This project uses the source code created by Satoshi Tsutsui. See also his work based on his code at the arXiv - Using Artificial Tokens to Control Languages for Multilingual Image Caption Generation: arXiv:1706.06275
- Raspberry Pi 3
- Camera module
- External speaker
- Mobile battery
- Setup Raspbian OS environment refering to Rasbpberry Pi web site (Assuming to use RASPBIAN LITE version)
- Enable camera module by
sudo raspi-config
-> Interfacing Options -> Camera -> "Would you like..." -> Yes and reboot - Change time zone as necessary by Localisation Options -> Change Timezone
- Update OS by
sudo apt-get update
followed bysudo apt-get upgrade
Install required programs and tools by commands below.

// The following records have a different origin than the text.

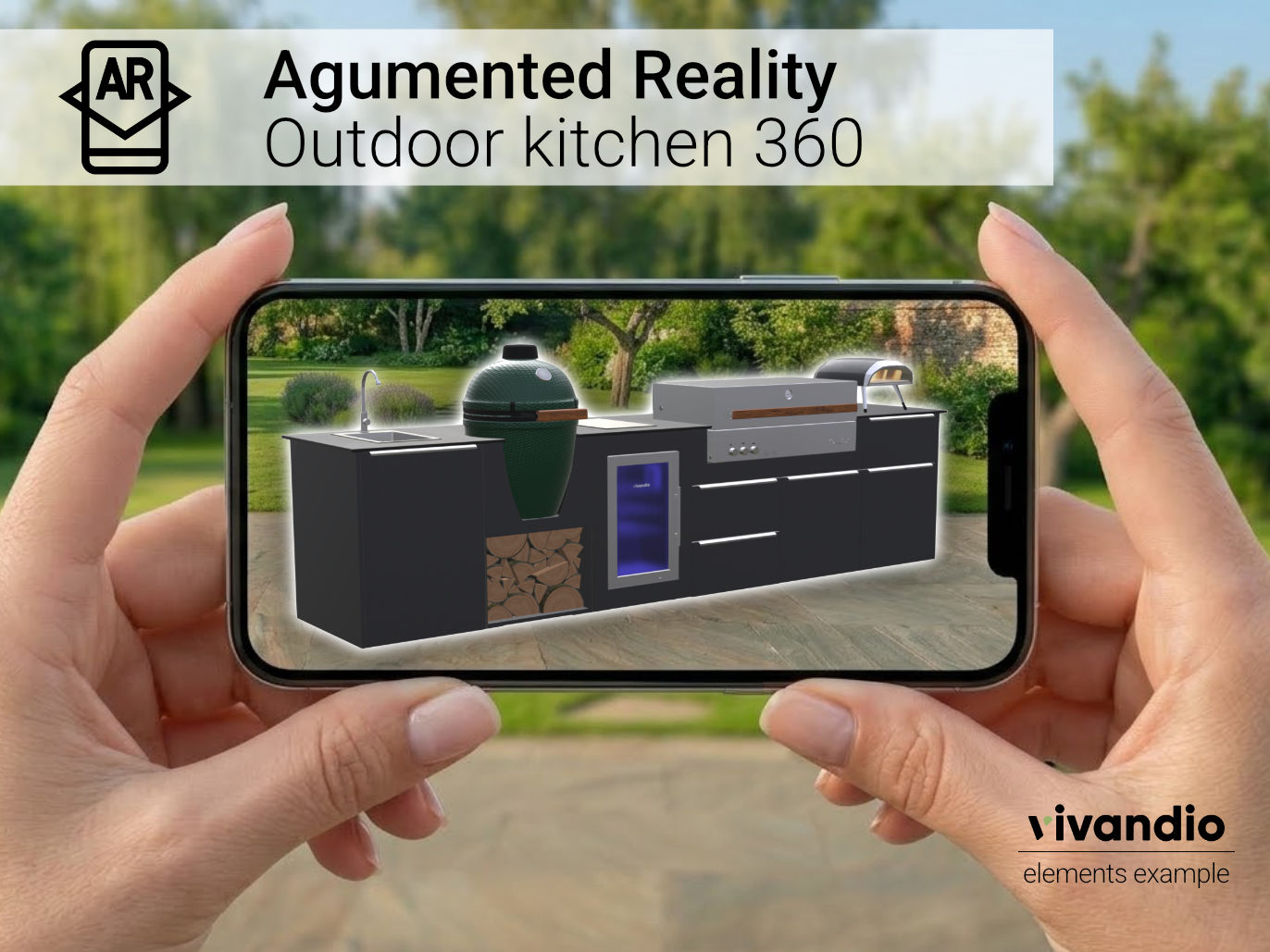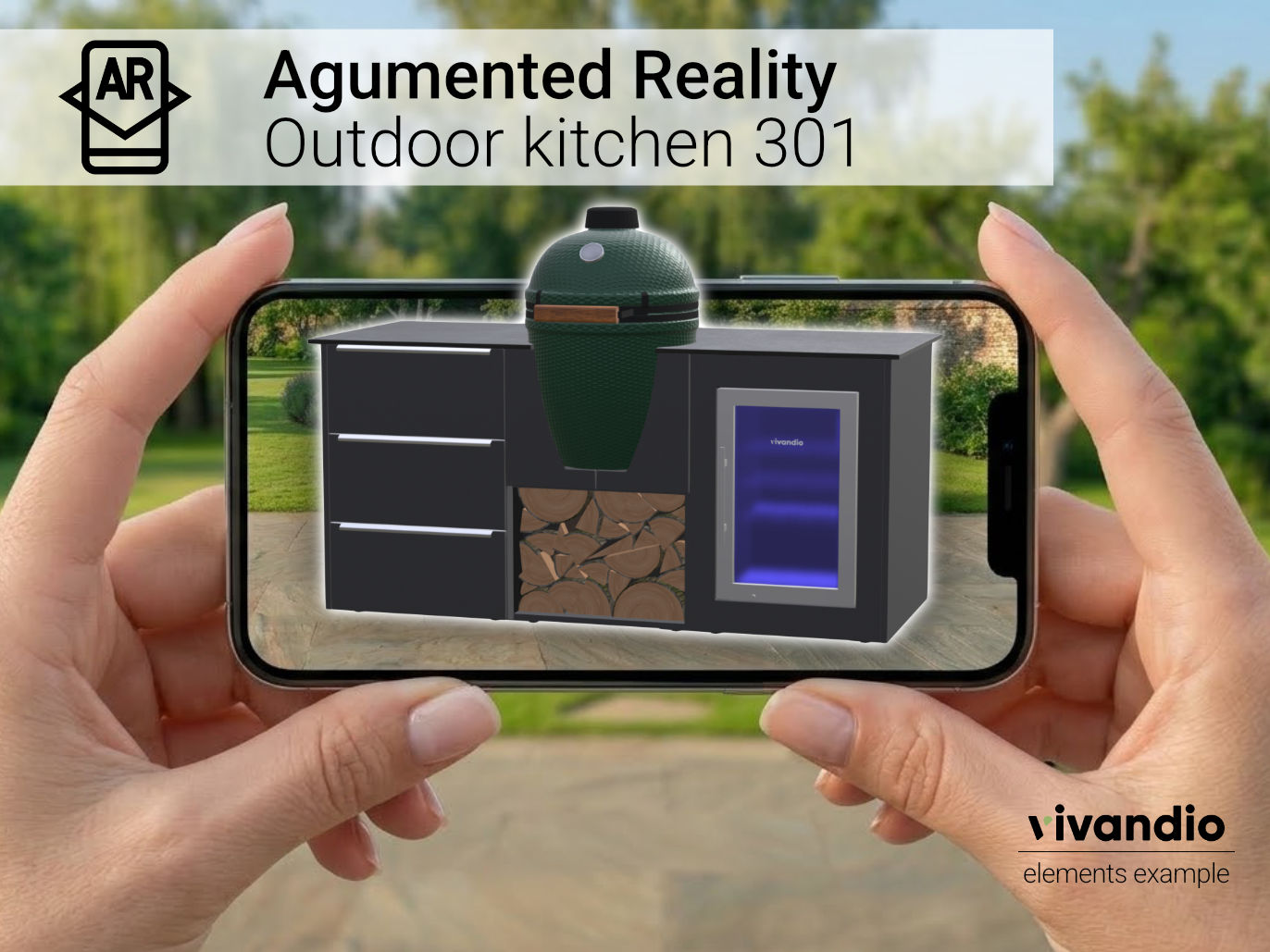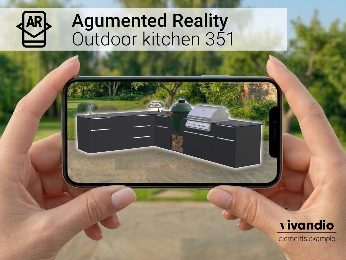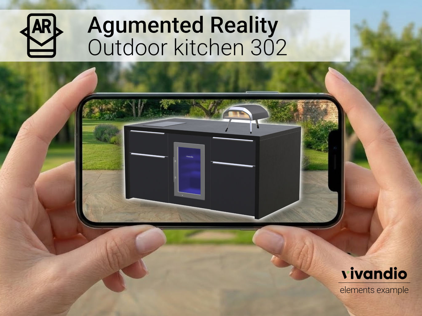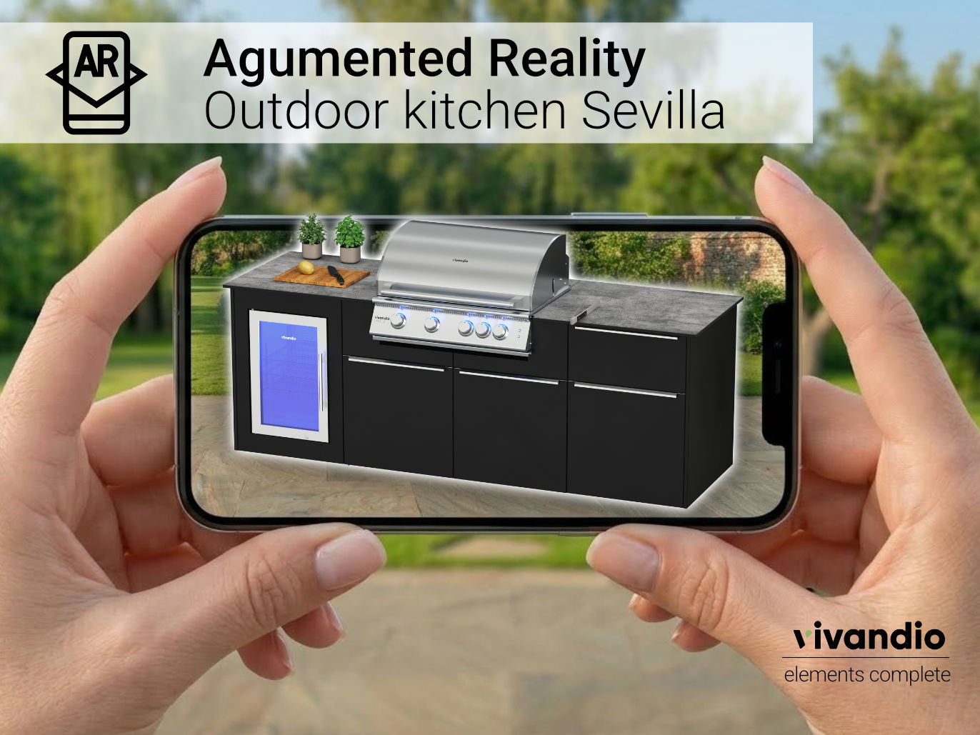 Platziere die vivandio elements Serie per Augmented Reality direkt in deinem Garten oder auf deiner Terrasse – als elegante Einbauküche, großzügige Kochinsel oder maßgeschneiderte Küchenzeile. Die dargestellten Konfigurationen zeigen nur einen Ausschnitt der vielfältigen Planungsmöglichkeiten: Von der kompakten Lösung bis hin zum voll ausgestatteten Outdoor-Küchenkonzept ist alles realisierbar – exakt abgestimmt auf deinen Stil, deinen Raum und deine Ansprüche.
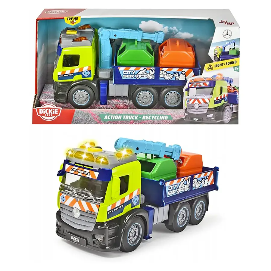 Get closer to the world of waste management and ecology with the Dickie Toys Action Truck eco-friendly truck! Inspired by the Mercedes-Benz Actros model, this 26-cm truck has authentic and detailed features, allowing children to explore and appreciate the importance of caring for the environment through play.
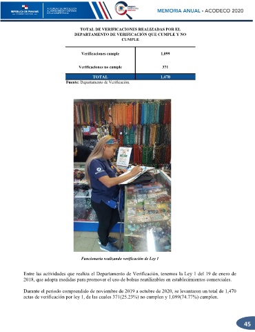 Entre las actividades que realiza el Departamento de Verificación, tenemos la Ley 1 del 19 de enero de
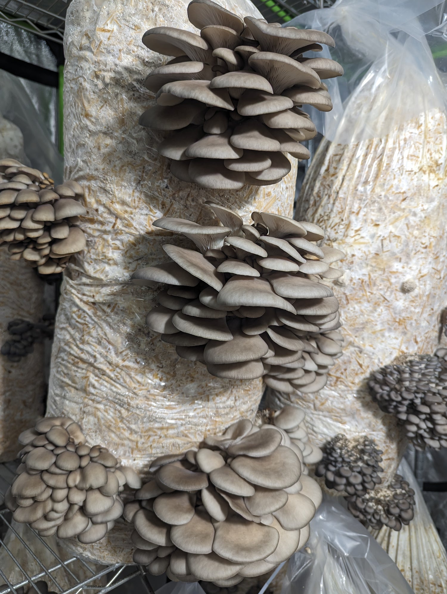 This process uses less energy and plastic than conventional mushroom cultivation techniques and creates a better soil amendment than sawdust substrates. We're developing new varieties of mushrooms adapted for this technique that have richer flavor and more umami.

sudo apt-get install python3-pip
sudo pip3 install chainer==1.19.0
sudo pip3 install scipy
sudo pip3 install h5py
sudo apt-get install python-h5py
sudo apt-get install libopenjp2-7-dev
sudo apt-get install libtiff5
sudo pip3 install Pillow
sudo apt-get install espeak
sudo apt-get install python3-picamera
sudo apt-get install libatlas-base-dev
Download from the Git repository and test sample code by commands below.
sudo apt-get install git
git clone https://github.com/apple2373/chainer-caption.git
cd chainer-caption
bash download.sh
python3 sample_code_beam.py --rnn-model ./data/caption_en_model40.model --cnn-model ./data/ResNet50.model --vocab ./data/MSCOCO/mscoco_caption_train2014_processed_dic.json --gpu -1 --img ./sample_imgs/COCO_val2014_000000185546.jpg
If installed properly, the result will be displayed as below with some warnings.
<sos> a bathroom with a toilet and a shower <eos>
-6.967587262392044
<sos> a bathroom with a toilet , sink , and mirror <eos>
-7.618740811944008
<sos> a bathroom with a toilet , sink , and shower <eos>
-8.537529528141022
Run the captioning program by python3 image_captioning.py
.